Romain Genevois (born 28 October 1987) is a Haitian former professional footballer who played as a defender.

==Early years==
Genevois was born in L'Estère, Haiti. At the age 3, he was separated from his biological parents who had difficulty raising him. He was then adopted, along with his younger brother, by a French couple who could not have children. He arrived in France on 5 February 1991 and grew up in Montcenis, a small town of Saône-et-Loire where his parents had chosen to live.

==Club career==
Genevois came up through FC Gueugnon's youth ranks to make his first team debut in the 2006–07 season. He moved to Tours FC in 2009 returning to Ligue 2. He then signed with OGC Nice in 2012 and concluded his tenure with a fourth-place finish and qualification to the UEFA Europa League in 2016. Genevois signed a three-year contract to play for Stade Malherbe Caen.

In his career, Genevois has recorded over one hundred games in Ligue 1 and 286 in the pros and has made several trips to the European Cup.

==International career==
He made his debut for Haiti in the February 2008 friendly series against Venezuela, which served as a warm-up for the 2010 FIFA World Cup qualification match against Nicaragua or the Netherlands Antilles.

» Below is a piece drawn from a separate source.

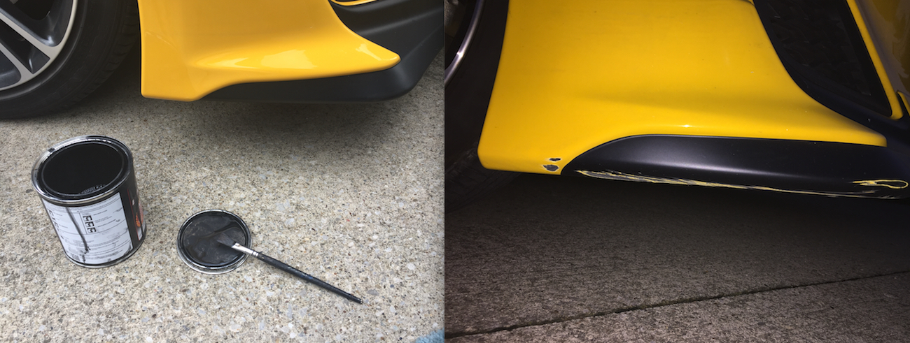 I got some touch up paint for the yellow and used SEM bumper coat I had left over from a car I'm restoring. Rather than spraying it, it looked fine with brush application. |

In 2013, Genevois was interviewed by Nice-Matin, which he made clear that he was not a Haitian international as was often said and was 100% French. He cited that he had never signed any document to keep dual citizenship and did not accept Haitian nationality. He claims to have responded to a call for a friendly match in Venezuela, but said it did not officially count as he did not go through Haiti. After spending a week with the team, which he recalls a good memory, organization was an issue. He first recalls arriving in the morning at a Florida airport, only to be picked up in the evening and did not know who the national coach was. This bad experience led him to further pursuit his pro career in France. He was later contacted by team officials to rejoin, but did not want to go to Haiti citing its difficult conditions and thus not revisited the island since leaving for France in his early childhood.

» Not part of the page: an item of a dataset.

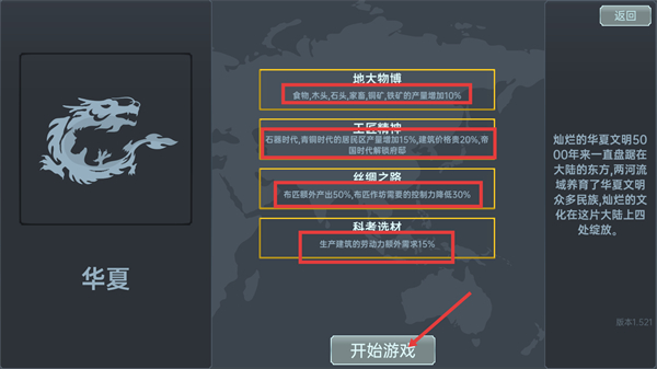 2、选择【华夏文明】后,其拥有【地大物博】【工匠精神】等增益效果,点击【开始游戏】即可进入该文明的发展玩法。

In 2016, that changed when he finally accepted the solicitations of the Haitian selection under the new coach, Patrice Neveu. During this second stint with the national team, his outlook differed and stated his pleasure to be able to play for his country of origin and that things has really changed. He cites that something is building and there is room for optimism in Haitian football evoking its entry in the Copa America as "a very good experience, a very nice competition." He was one of the 23 players selected for the 2016 Copa América, which was the first time in its history to allow qualifications from countries outside of CONMEBOL, thus Haiti managed to qualify and enter for the first time.

==Personal life==
Genevois is married and is a father of two, a daughter and a son. He, along with his parents, has sent donations to Haiti through the association that allowed his adoption.